Notifying the ASX about directors' interests in company securities
The Corporations Act 2001 (the Corporations Act) requires every director of a listed company to notify the Australian Securities Exchange (ASX) about holdings and changes to relevant interests in securities of your company.
When do you have 'a relevant interest'?
The basic rule is that you have a relevant interest in a security if you are the holder of the security or if you have the power to control the voting or the disposal of the security. You may have a relevant interest in securities even where you do not directly or indirectly own the securities. A family trust may own the securities. Alternatively your spouse or children may be the registered holder of the securities. Or the securities may be held by a company in respect of which you have direct or indirect control over 20% of the voting power.

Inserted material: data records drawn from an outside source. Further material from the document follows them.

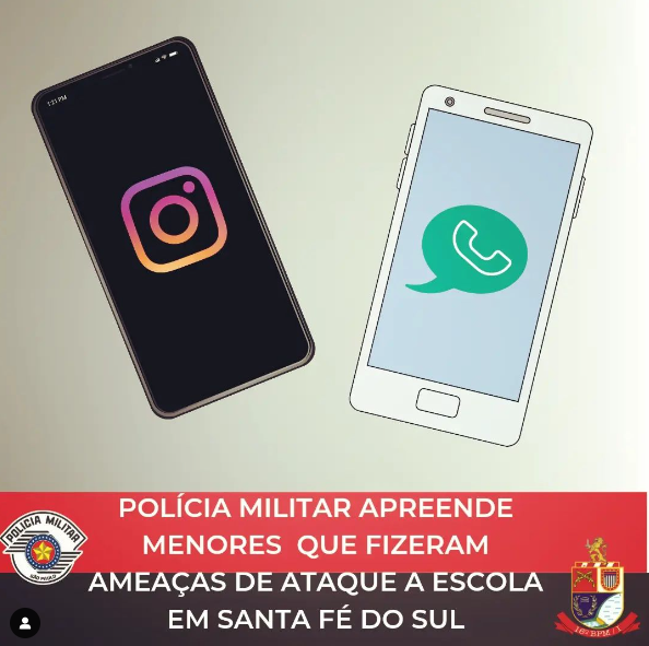 No último dia 11, policiais militares da 4ª Companhia do 16º Batalhão de Polícia Militar de Santa Fé do Sul apreenderam menores por ameaça a Escola Estadual Itael de Mattos. A equipe policial da DEJEM - Ronda Escolar foi solicitada pela diretora, que relatou ter tomado conhecimento de um possível ataque à escola.
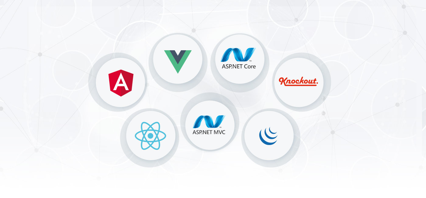 支持Angular / React / Vue,TypeScript,ASP.NET Core,Razor等语法。内置的低级集成允许您在Angular,Vue,React,Ionic,ASP.NET MVC或ASP.NET Core框架中使用DevExtreme小部件。数据绑定使用现代JavaScript框架的熟悉概念-使用您了解和喜爱的技术。
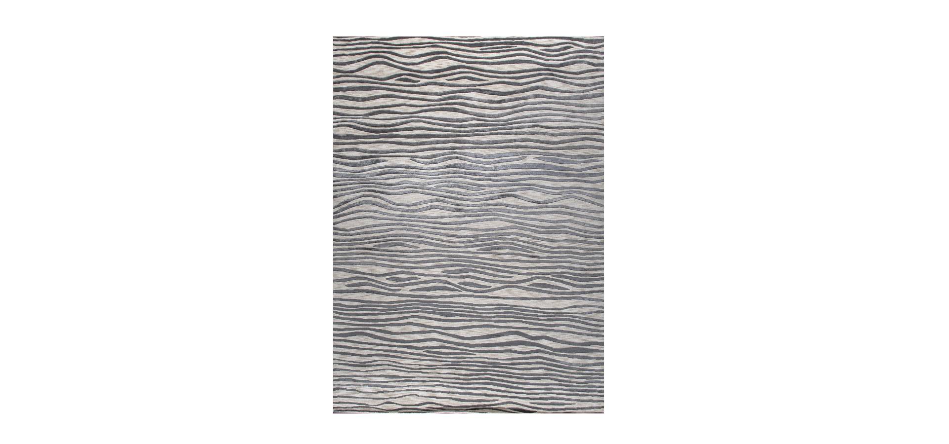 Beige modern handmade wool carpet with wavy lines in a shade of grey. An amazing rug to elevate the interior design of either your living room or bedroom

(Further details about the types of interest which attract s205G are set out at the end of this Information Sheet.)
Is there any minimum number?
No. Section 205G requires you to notify the ASX about any of your holdings and any changes to your holdings, no matter how small. This section of the Corporations Act is different from the substantial shareholding provisions and covers a wider variety of securities. However, if you are a substantial shareholder, and you have lodged a substantial shareholder notice that includes the matters required under s205G, then you need not lodge another notice under s205G.
How soon do you have to notify the ASX?
Within 14 days. You must notify your interest within 14 days of appointment or listing of the company (whichever is relevant) and thereafter within 14 days of any change.
Who is responsible for notifying the ASX?
The Corporations Act makes the director personally responsible, not the company secretary. The company secretary may organise the preparation and lodgment of s205G notifications, but this works only if directors provide the company secretary with timely and accurate information. The 14 day time limit means that you may face a penalty if you are late. Responding only to intermittent requests that you advise any changes in your interests will almost certainly make some s205G notifications late.
In your first notification, provide the date of your appointment as a director or the date of listing of the company (whichever is relevant). In the case of a subsequent notification, provide the date of the last form lodged and the date your interest changed.
Set out the number and type of securities you hold. State whether you are the registered holder or beneficial owner of the securities. If you are not, explain the circumstances giving rise to your relevant interest. You can do this in the section of the ASX form headed 'Circumstances giving rise to relevant interest'.
What if you do not notify the ASX?
Section 205G is an important section which, together with the insider trading prohibition and the continuous disclosure requirements, helps to maintain an informed market. A breach of s205G is an offence that carries a penalty of up to $1000 or imprisonment for 3 months or both.
Which interests must be notified
This is how s205G describes the types of interests that must be notified:
relevant interests in securities of the company or a related body corporate;
to which the director is a party or under which the director is entitled to a benefit; and
that confer a right to call for or deliver shares in, debentures of, or interests in a managed investment scheme made available by, the company or a related body corporate.
This is Information Sheet 50 (INFO 50). Information sheets provide concise guidance on a specific process or compliance issue or an overview of detailed guidance.